TASK PROMPT ▸ Only the lines below from the one containing "Kavalkade Rolled Rubberized" through the last line should be set down, exactly as written and with no pictures.

INFORMATION PROVIDED ▸
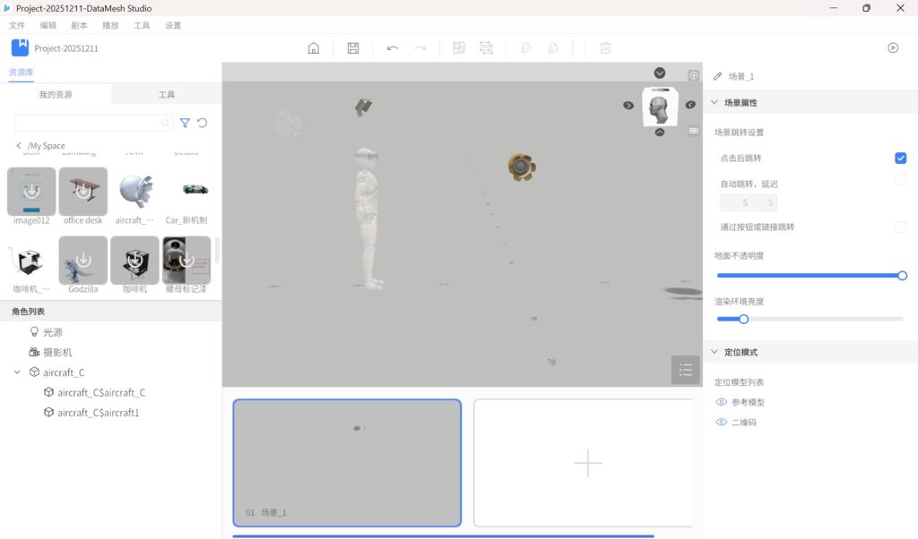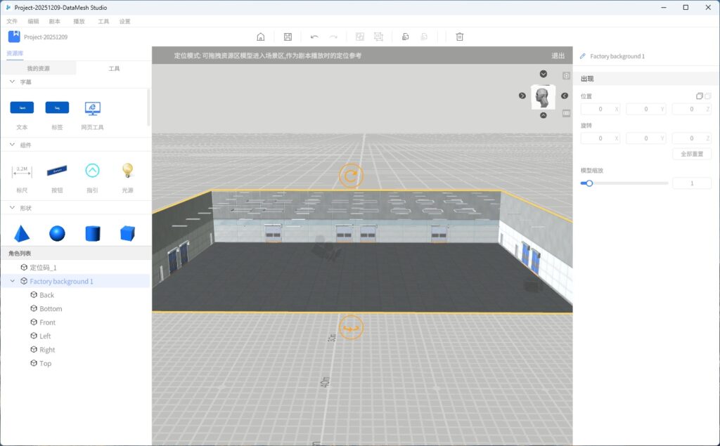 二维码定位是通过扫描或锚定方式,实现虚拟场景与现实空间的精准对齐。以下是如何在 DataMesh Studio 中添加、编辑和删除定位码的操作流程:
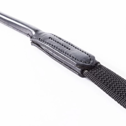 Kavalkade Rolled Rubberized Reins with Stops have an elegant, refined look while delivering excellent grip and security. These flat, low profile reins have a rubber yarn weave and five leather hand stops on each side.
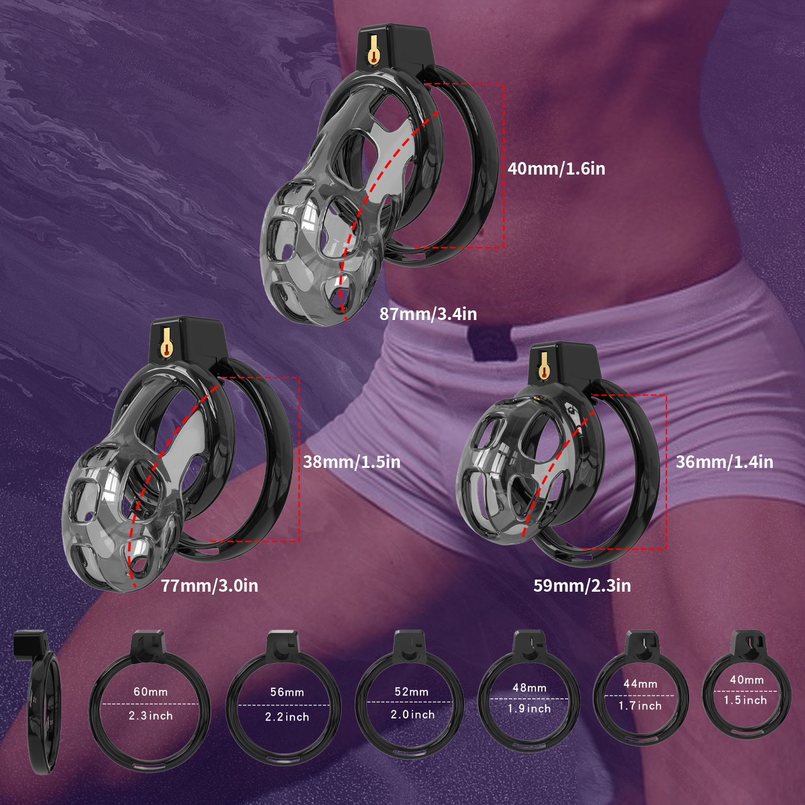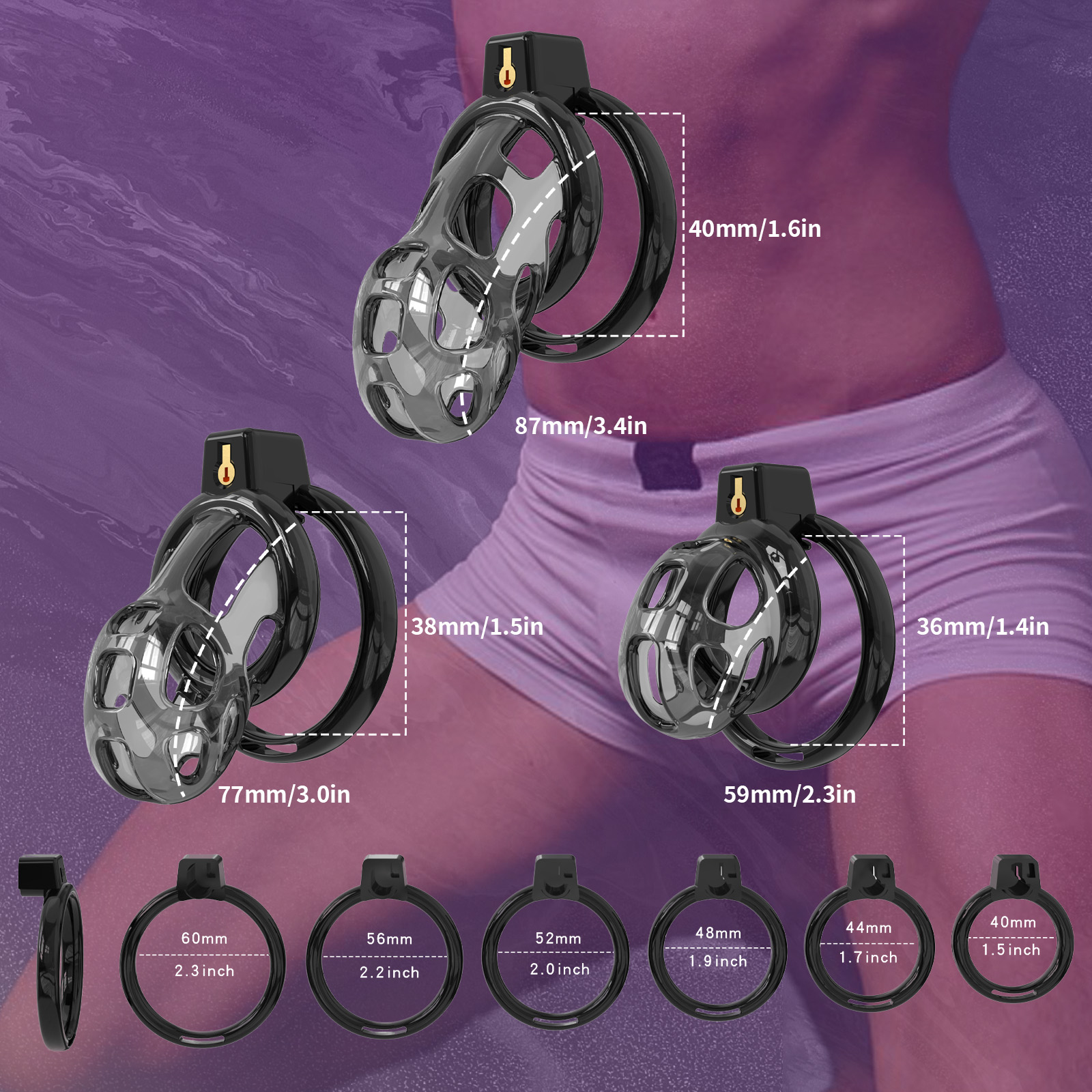 Male Chastity Cage - Lightweight Chastity Cage for Men with 6 Sizes Rings Chastity Device Adult Sex Toy for Man - Cock Cage(Black)

THE COMPLETED TASK ▸
 Kavalkade Rolled Rubberized Reins with Stops have an elegant, refined look while delivering excellent grip and security. These flat, low profile reins have a rubber yarn weave and five leather hand stops on each side.
 Male Chastity Cage - Lightweight Chastity Cage for Men with 6 Sizes Rings Chastity Device Adult Sex Toy for Man - Cock Cage(Black)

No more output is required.